Still, many analysts expressed surprise, both at the extent of deficits in the new Bush budget and its extensive use of Social Security money to cover them. What most surprised them:
-Far from running only a few years of deficits, the new budget assumes that the government's so-called "on-budget" spending, which covers everything from maintaining a military to subsidizing Amtrak, will run $150 billion or more in the red each year for the next decade, according to documents and White House officials.
-Instead of covering the bulk of the costs with expanding income-tax revenues that can be expected with the resumption of economic growth, the plan relies heavily on Social Security money to nudge the overall budget -- which includes on- and off-budget spending, such as payments to retirees -- into the black by 2005.
-Although Bush argues that the chief reason the nation must run in the red is to pursue the war on terror, his budget calls for new tax cuts -- over and above the 10-year, $1.3 trillion package approved last year -- equal to or greater than the new defense spending he seeks. The plan includes $590 billion in added tax cuts over 10 years, but only $550 billion in new defense spending.
"Everybody concedes that deficit spending, if it is in response to an emergency like Sept. 11, is not a bad thing," said Robert Bixby, executive director of the anti-deficit Concord Coalition. "But what's astounding is that this goes way beyond what was (once) a strong political consensus to save the Social Security surpluses."
In fact, before the September attacks, the president was at the center of that consensus.

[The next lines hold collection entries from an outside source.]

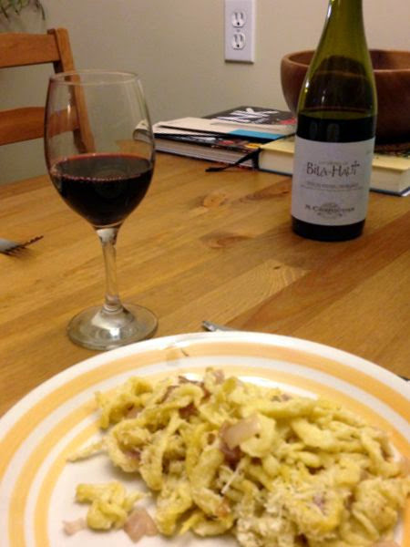 L’an dernier, lorsque nous avons accueilli Steffen, il nous a fait découvrir un certain nombre de plats typiques de chez lui. Il va sans dire qu’étant Allemand, ce qu’il nous a fait goûter était souvent à base de chou. Mais pas toujours! Un soir, Il nous avait fait des galettes de pommes de terre et oignons accompagnés d’un compote de pommes; un autre soir, des spaetzle maison, et avait donné la recette à Stéphane. Après un long moment d’hésitation, ce dernier a décidé de se lancer!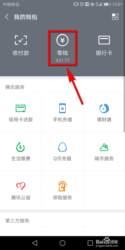 进入钱包后在页面顶部中心位置点击【零钱】图标,如图所示。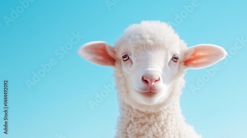 Fototapeta premium Cute lamb portrait against a vibrant blue sky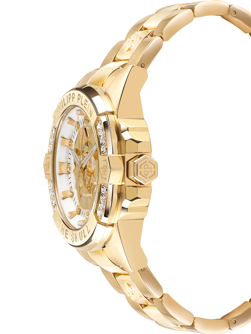 Dit fashionable Philipp Plein PWNAA0722 polshorloge uit de The $kull serie is een unisex horloge van 41 mm met een zilveren wijzerplaat, gouden kast en een matten en gepolijste afwerking, voorzien van een Miyota 203A quartz uurwerk en waterbestendig tot 5 ATM.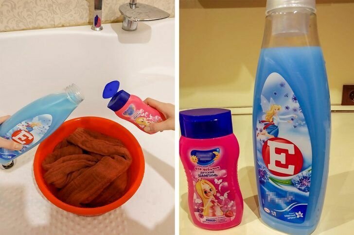2. Детский шампунь поможет «севшей» одежде. Мало кто знает, но простой детский шампунь способен вернуть «севшей» вещи ее первозданный вид. Для этого достаточно просто замочить ее на 10-15 минут.
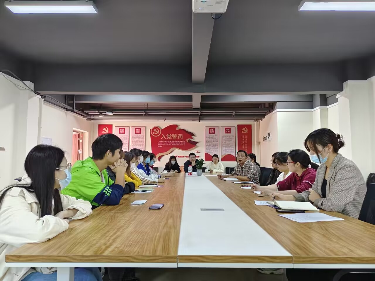 岁月不居,时节如流。距离开学到现在,同学们已经在校度过了两个多月。学生在两个月的学习和发展中,也遇到了一些问题和困惑。为帮助同学们解决问题,同时检查教学成果,提升教学质量,2022年11月2日,外国语学院特此进行期中教学检查暨院长座谈会。参与本次座谈会的人员有外国语学院院长吴世银老师、教学副院长罗琳老师、各专业课任课老师:王萍老师、李雨倩老师、唐怡老师、王晗老师、李梦雅老师、外国语学院2021级辅导员屠建丽老师以及各年级学生代表。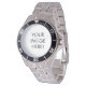 Has heft and feel of expensive stainless steel quartz watches. Good band with safety catch. I removed links, which is easy because engraved arrows show direction to push the linking pins. As always by this seller, the image (a railroad logo) is a perfect reproduction of my emailed image, and is precisely spaced and aligned.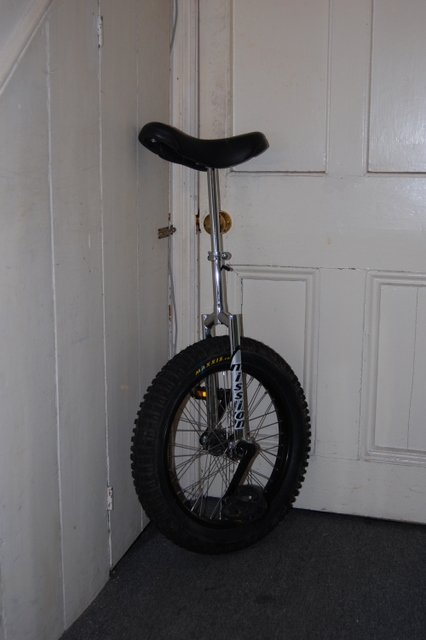 I don’t know whether he still has it or has swapped all the parts by now, but for a free unicycle you can’t really complain.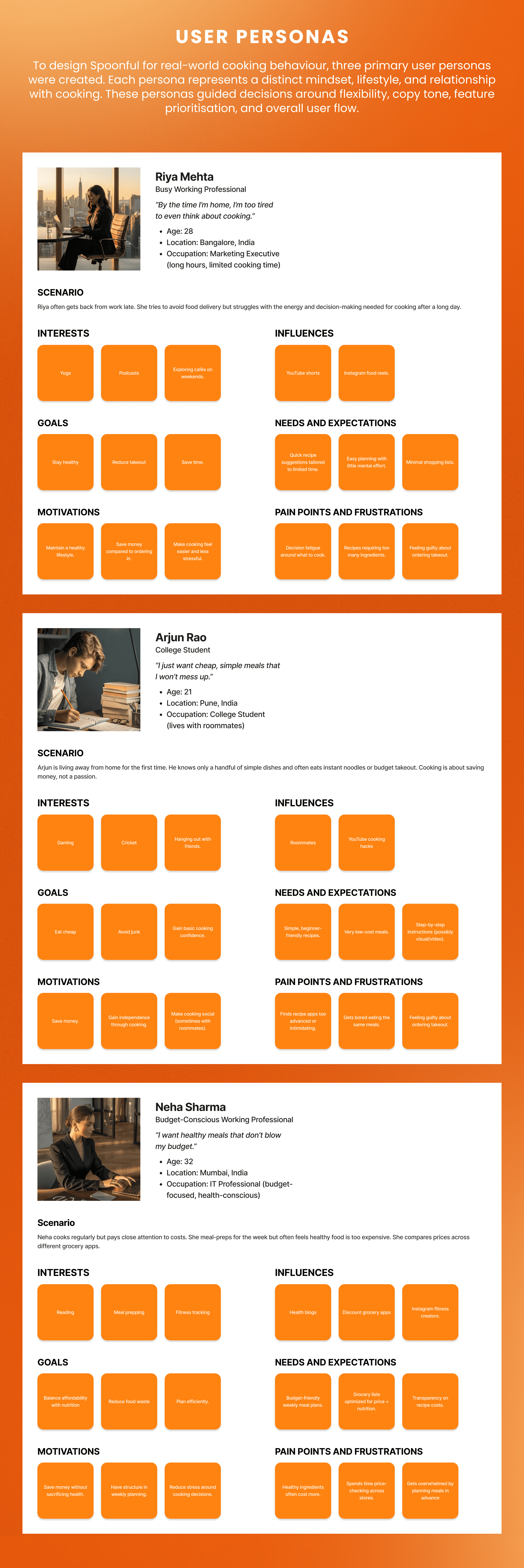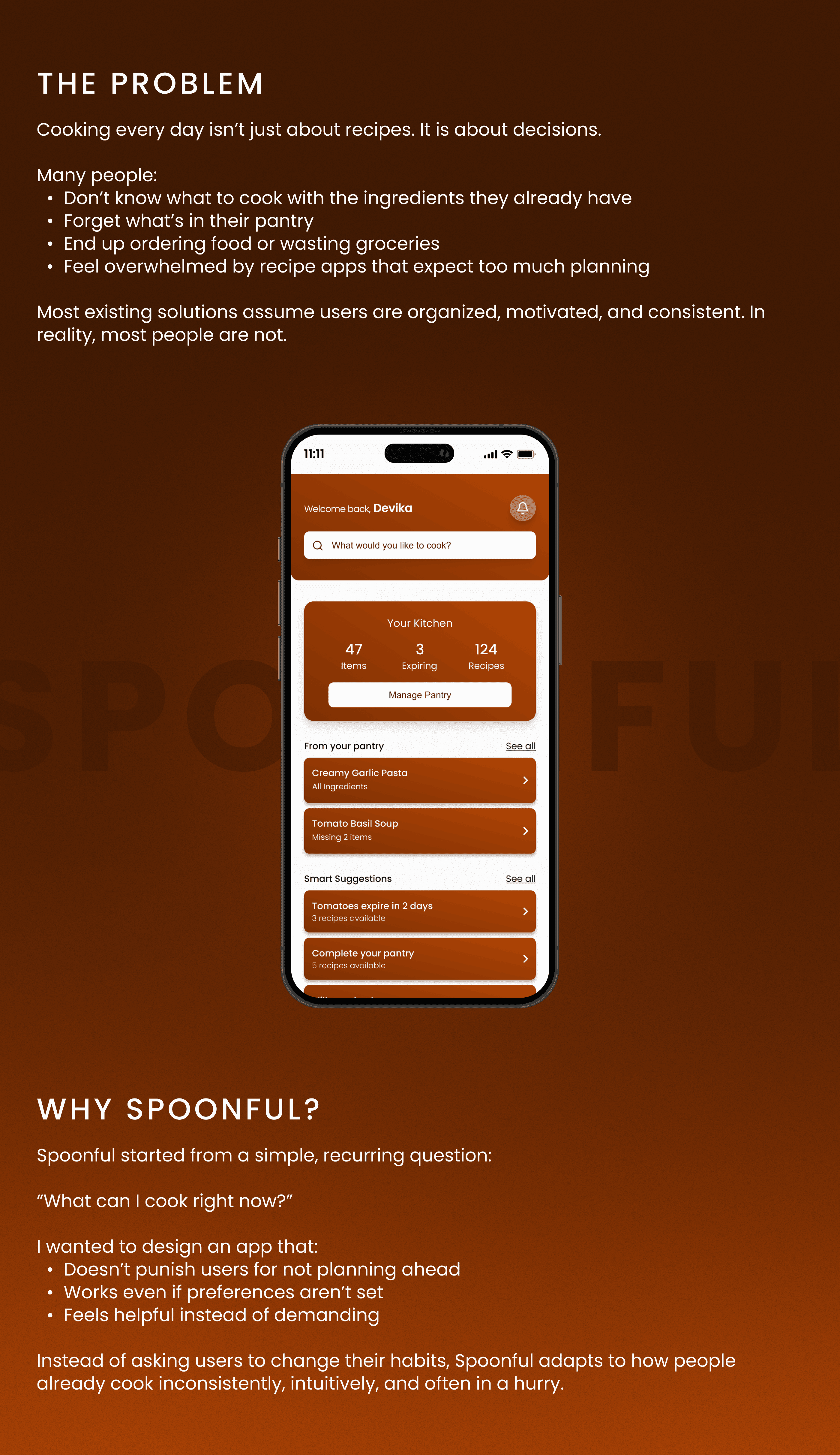 Spoonful is a food management app designed to reduce everyday cooking decision fatigue by helping users figure out what to cook using ingredients they already have. Instead of forcing structured meal planning, the app adapts to real, imperfect routines—offering flexible, low-effort support that feels intuitive, helpful, and non-demanding.

In an address to a joint session of Congress a year ago, he declared that "to make sure the retirement savings of America's seniors are not diverted in any other program, my budget protects all ... of the Social Security surplus for Social Security, and for Social Security alone." His pledge was considered critical to winning congressional passage of his $1.3 trillion tax cut.
But Bush and his aides appear to have decided that they cannot pursue their new military and homeland defense goals, protect the president's already approved tax cuts and maintain the Social Security surplus.
In part, that's because there is no immediate danger to retirees' checks. The system expects to collect more than $700 billion in revenues this fiscal year and pay out only about $470 billion in benefits. But analysts warn that failure to keep running surpluses and paying off federal debt will leave the country in a painful bind as baby boomers retire in growing numbers, and it will burden the smaller generation of workers that follows with rising Social Security tax costs.